Tag Archives: James McAvoy



For so long the words An M. Night Shyamalan film was something to be dreaded. Then The Visit showed that Shyamalan could still produce a decent if unremarkable movie. Now his latest movie Split is supposedly a return to form and last night I got a chance to see an advance screening of the film before it’s general UK release on Friday.

Three teenagers are kidnapped by a man named Kevin (James McAvoy) who suffers from a form of dissociative identity disorder. Kevin has 23 distinct personality and the 24th is on it’s way, and the girls must escape before he arrives.

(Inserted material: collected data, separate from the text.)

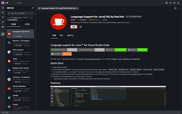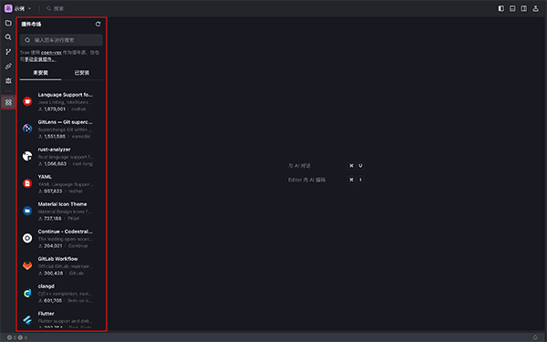 你可以从 Trae 或 VS Code 的插件市场安装插件,这里介绍从 Trae 的插件市场安装方式。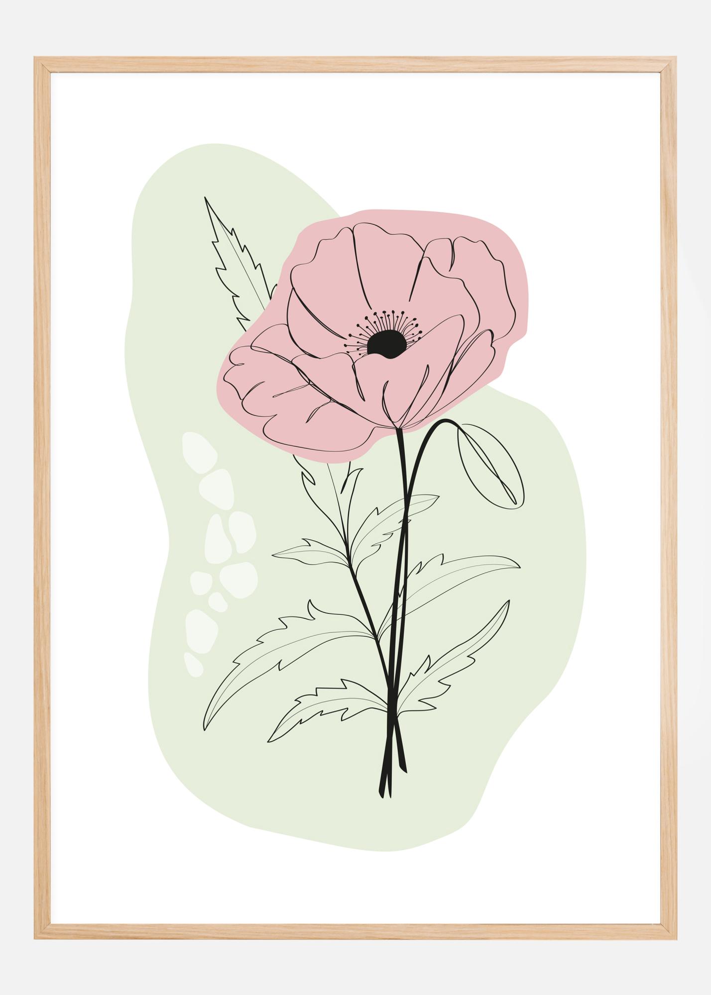 Ein abstraktes Poster eines roten Mohnblumendrucks. Elegante schwarze Linien bilden dieses einfache, aber wirkungsvolle Blumenbild. Die Blütenblätter und Blätter sind sorgfältig umrissen, und rote und grüne Farbabschnitte heben die Blume auf weißem Hintergrund hervor. Dieser geschmackvolle Blumendruck verleiht Ihrer Küche einen originellen Look.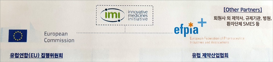 위 그림에 나타나는 유럽연합 집행위원회(EC)는 유럽연합의 행정부 역할을 각종 정책을 입안한다. EC는 유럽 연합(EU)의 Horizon 2020(2014부터 2020년까지 진행되는데 연구기금은 무려 98조6000억원에 이름)을 기반으로 IMI의 R&D 프로젝트를 지원하고 있다.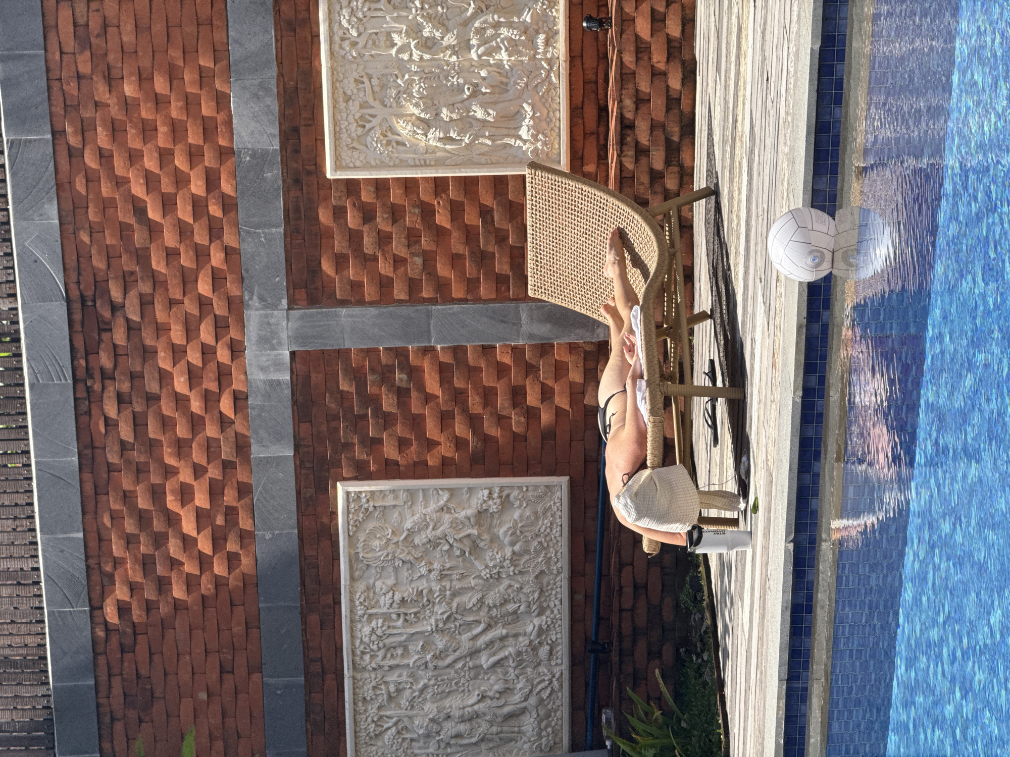 An aerial, eye-level shot captures a scene at a pool in North Kuta, Indonesia. A fair-skinned woman is lounging on a wicker chair near a pool's edge. She is wearing a black bikini and a white hat. A white reusable water bottle sits next to her, on the deck, and a white ball is floating in the pool. The pool is clear blue. The deck is light colored wood and the surrounding area is constructed of brick with two decorative white reliefs on the wall.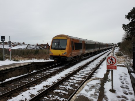 On Sunday 24th January 2021 Malvern experienced its heaviest snowfall for many years. Two days later there was still plenty of lying snow at Great Malvern Station as can be seen in this photograph, taken by Andrew Smith, of class 170 two-car diesel multiple units Nos.170505 and 170506 departing for Hereford with the 09.32 from Worcester Foregate Street. This service (train code No.1V23) normally starts at Birmingham New Street. The reason for the partial cancellation of the service was given as signalling problems.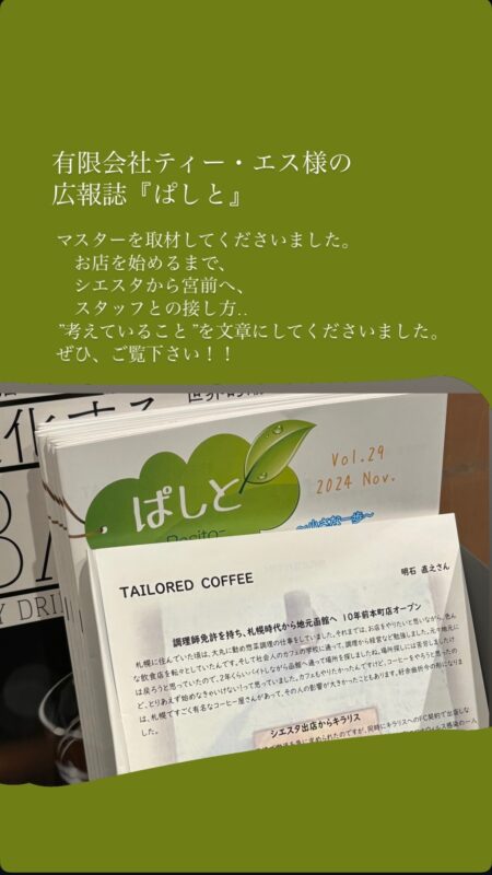 今回のVOL.29で取材をした「tailored coffee」さん、
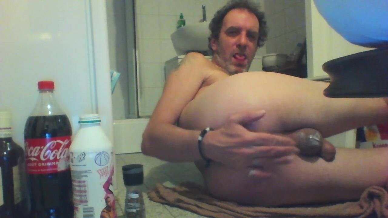 . insertion of pepper dispenser and deo stick in my ass and playing with bottle of yogurt

Breathe a sigh of relief everyone, for Shyamalan is well and truly back. Long may the likes of The Lady in the Water and The Happening remain a distant memory ! In all serious though Split was a great movie and I really enjoyed watching it. Instead of getting lost on a tangent Shyamalan’s focus seems much clearer in Split, with the story and pacing feeling much tighter then his previous efforts.

The cast is good, and Anna Taylor-Joy makes good on her early promise in The Witch as one of the kidnapped girls. However this is McAvoy’s show, who despite playing numerously distinct different personalities doesn’t descend into caricatures or overacts. Each performace is finely judged and flips between creepy, to humorous to compassionate without drawing you out of the moment.

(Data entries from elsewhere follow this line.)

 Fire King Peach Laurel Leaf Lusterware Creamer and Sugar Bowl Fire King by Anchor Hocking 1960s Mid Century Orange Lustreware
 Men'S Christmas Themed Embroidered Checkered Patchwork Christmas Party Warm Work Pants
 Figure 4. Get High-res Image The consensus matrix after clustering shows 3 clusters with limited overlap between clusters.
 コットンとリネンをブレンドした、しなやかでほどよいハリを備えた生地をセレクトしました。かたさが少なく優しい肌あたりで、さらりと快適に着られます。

For those expecting more out and out horror Split is more about building tension and the fear of whether personality number 24 actually exist and what they will be like if they do come out. Some may also be disappointed that, despite the film’s marketing focusing heavily on Kevin’s 23 personalities, we only see a select number of them.

So not up there with The Six Sense or, my personal favourite of his, Unbreakable but Split shows there’s still hope for Shyamalan’s career yet.

Oh and if you are thinking of going to see Split I would do it soon as the last scene is something a lot of people will be talking about (the audience I saw it with was buzzing with chatter as soon as the film ended). So see it before someone spoils it for you.

Rating 4/5 – with some help from McAvoy, Shyamalan is back to making good films-at last!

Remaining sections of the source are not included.